Problem to solve: Output the line containing "Attractive pista green" and each line after it through the end of the data, exactly as written, with pictures left out.
═══ Records for processing
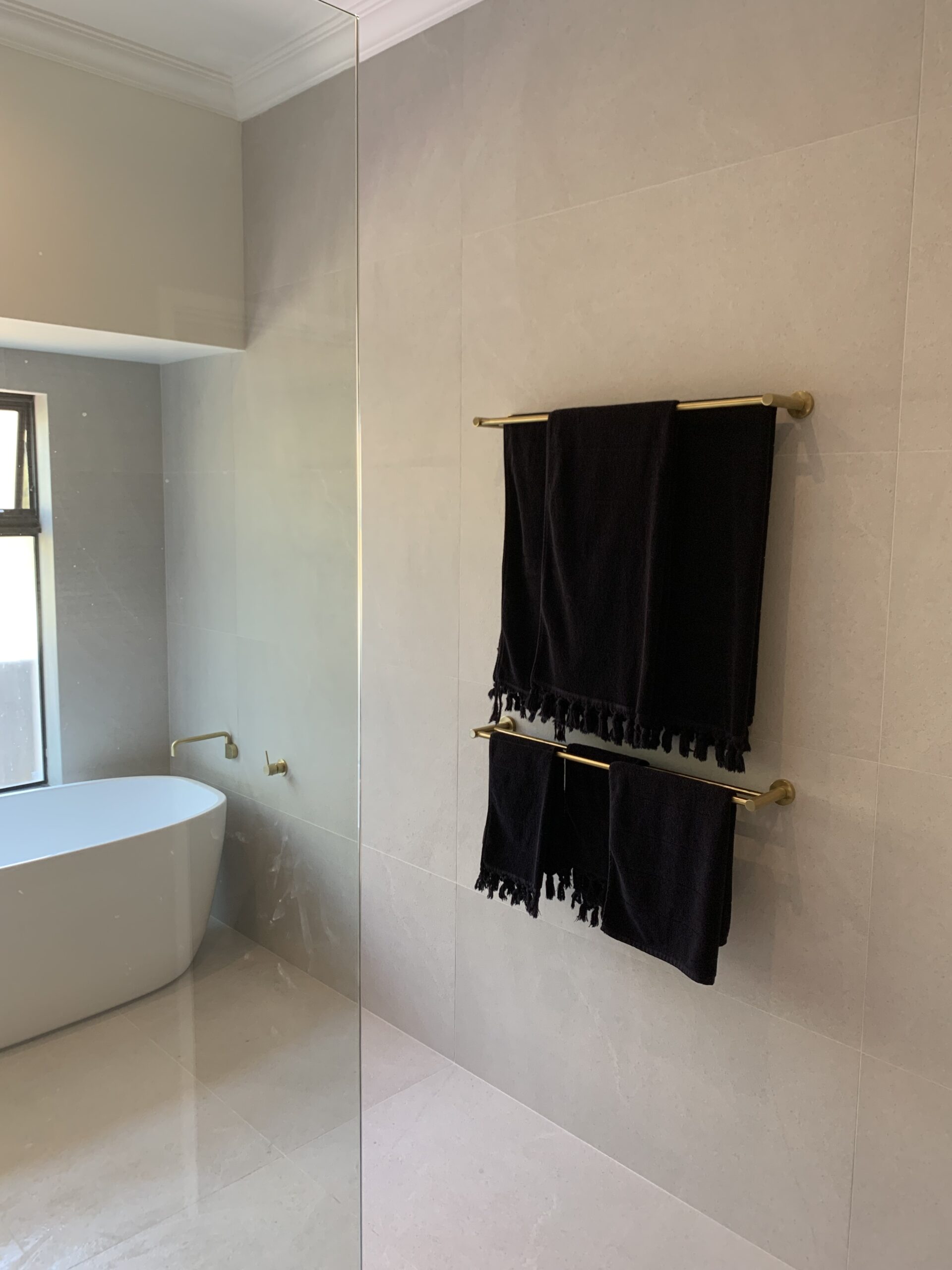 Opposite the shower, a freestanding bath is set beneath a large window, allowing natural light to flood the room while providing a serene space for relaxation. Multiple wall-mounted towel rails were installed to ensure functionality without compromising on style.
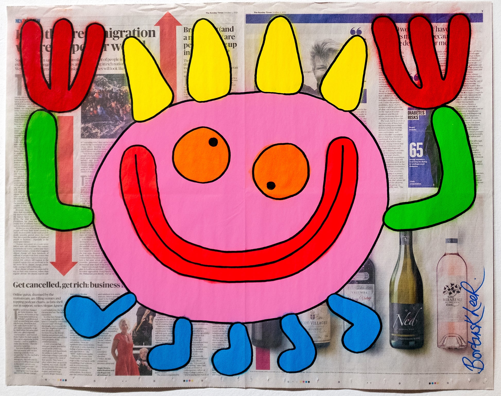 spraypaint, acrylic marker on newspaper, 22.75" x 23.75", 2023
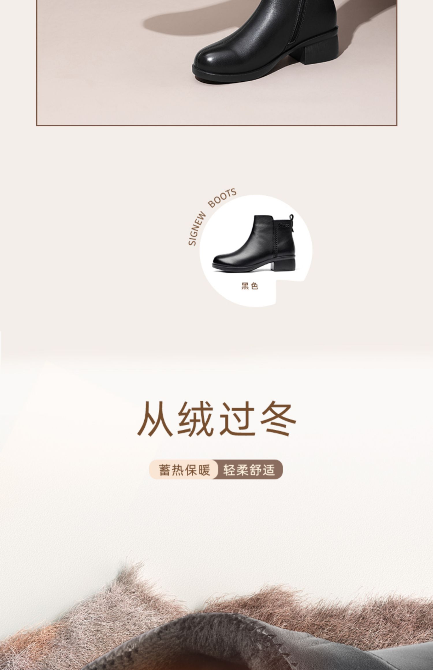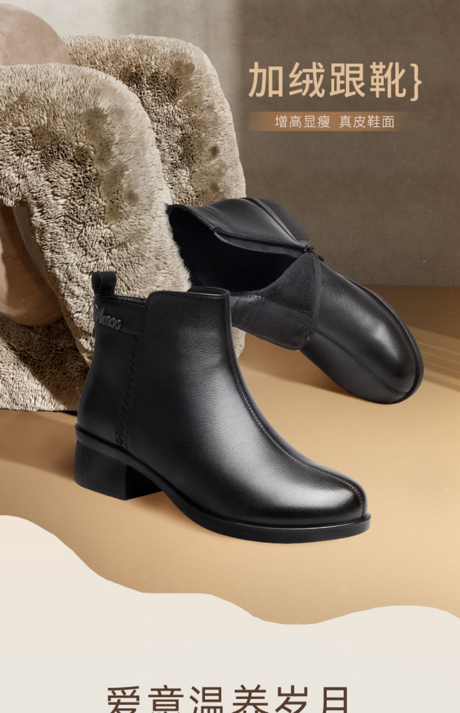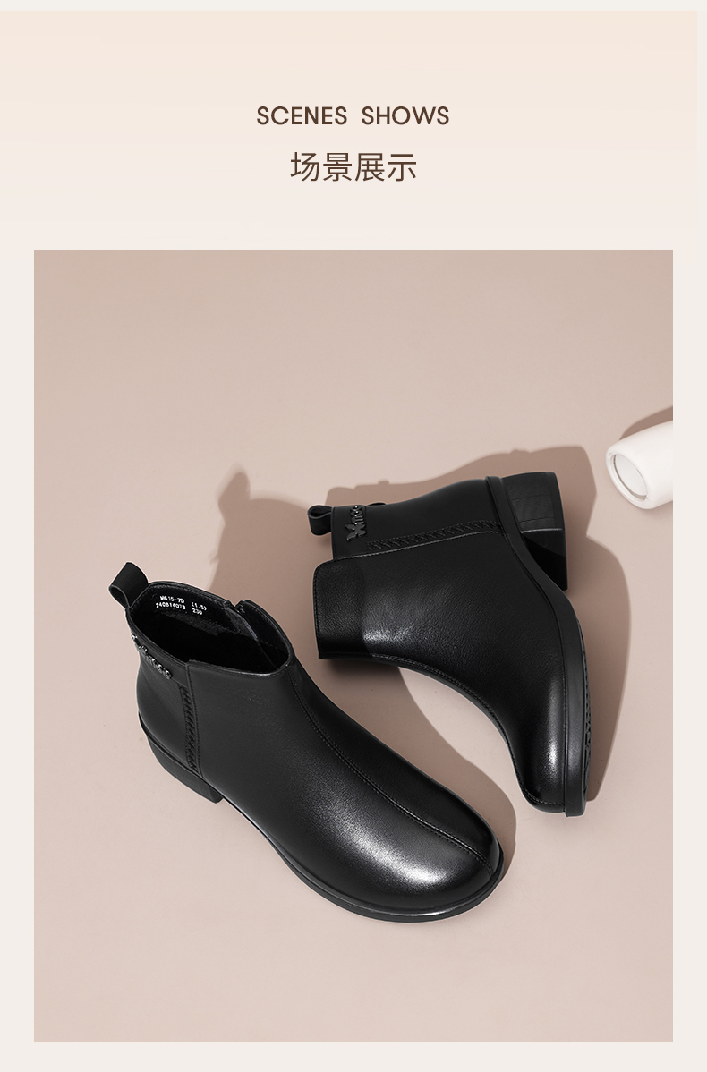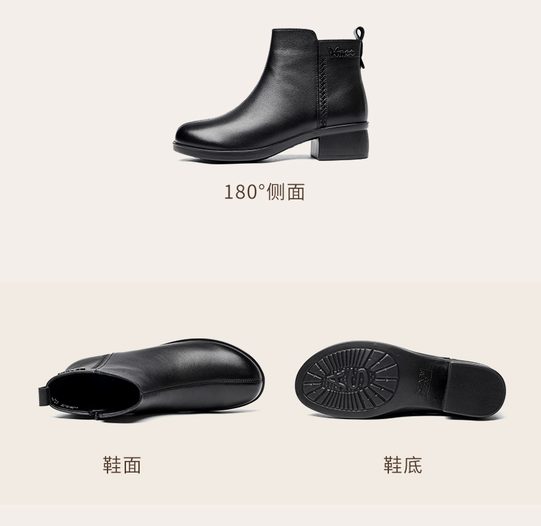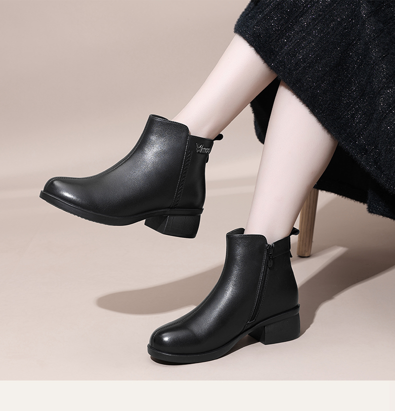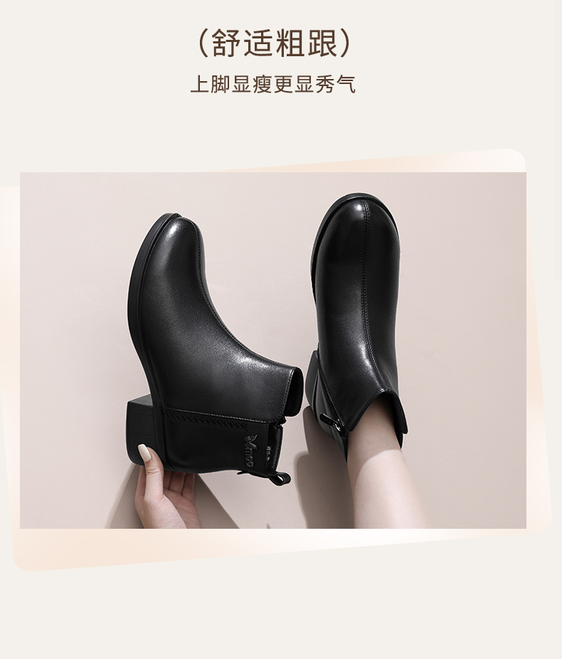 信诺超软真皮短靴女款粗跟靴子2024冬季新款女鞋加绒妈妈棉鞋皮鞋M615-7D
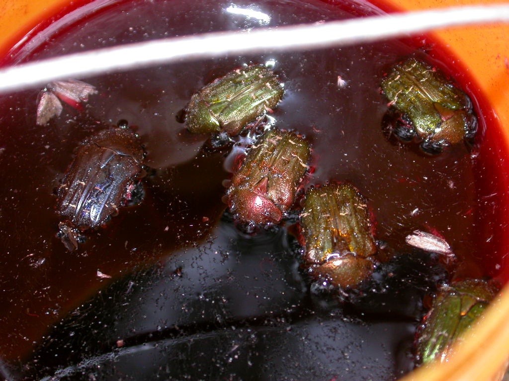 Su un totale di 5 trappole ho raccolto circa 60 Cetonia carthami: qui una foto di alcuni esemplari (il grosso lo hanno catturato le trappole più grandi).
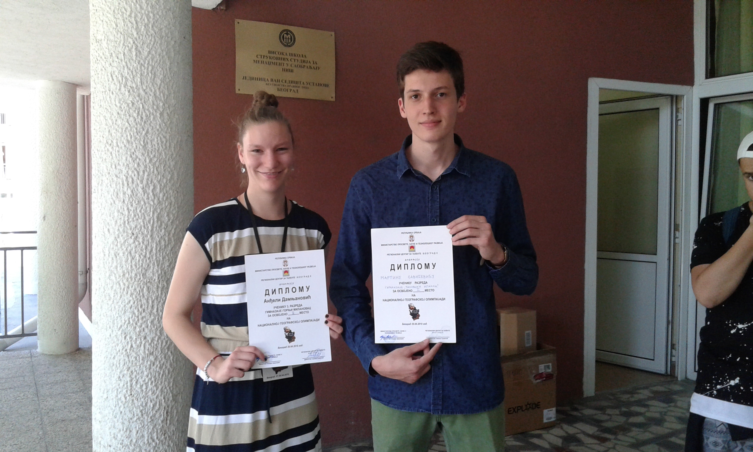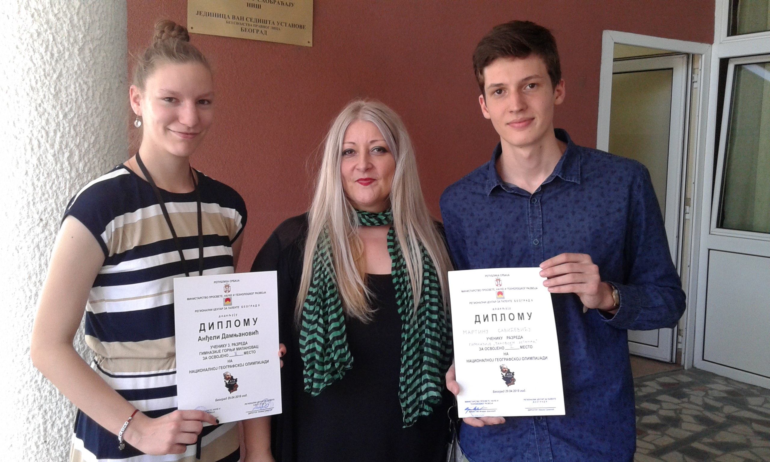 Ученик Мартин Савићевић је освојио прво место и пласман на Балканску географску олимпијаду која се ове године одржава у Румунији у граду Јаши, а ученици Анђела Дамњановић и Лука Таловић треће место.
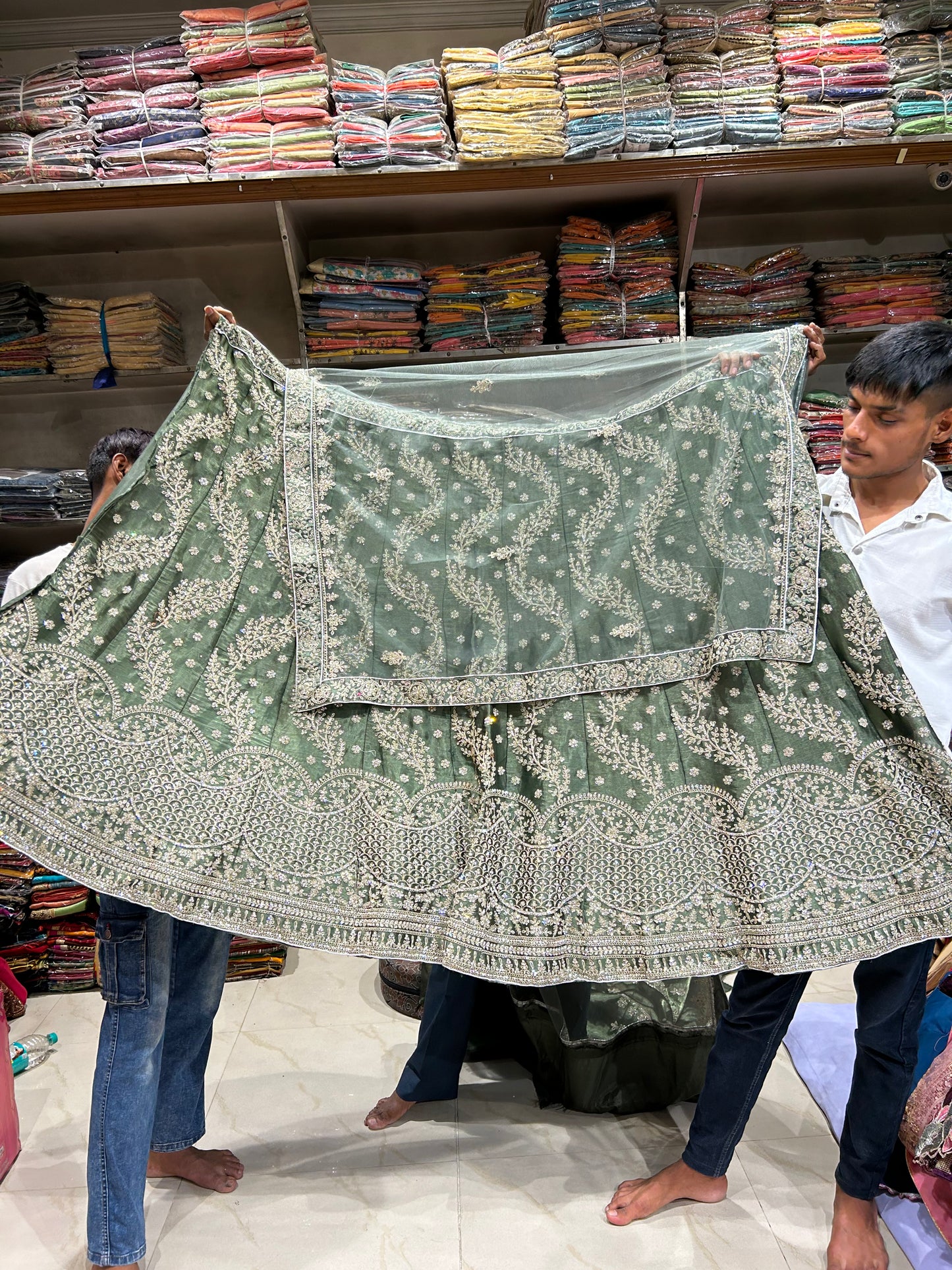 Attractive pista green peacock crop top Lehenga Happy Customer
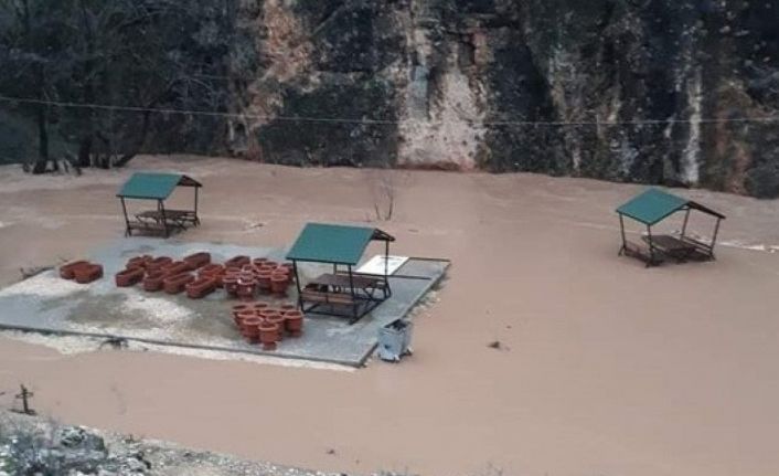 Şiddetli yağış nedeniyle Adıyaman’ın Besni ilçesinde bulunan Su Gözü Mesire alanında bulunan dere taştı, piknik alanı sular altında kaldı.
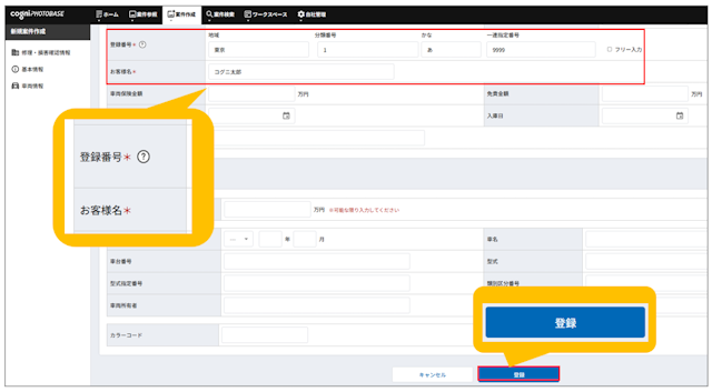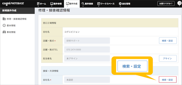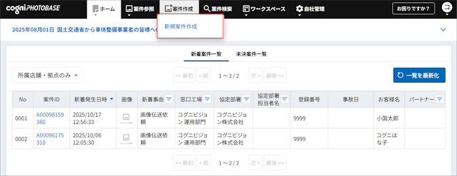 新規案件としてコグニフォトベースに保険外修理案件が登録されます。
══════
Exercise answer:
 Attractive pista green peacock crop top Lehenga Happy Customer
 Şiddetli yağış nedeniyle Adıyaman’ın Besni ilçesinde bulunan Su Gözü Mesire alanında bulunan dere taştı, piknik alanı sular altında kaldı.
 新規案件としてコグニフォトベースに保険外修理案件が登録されます。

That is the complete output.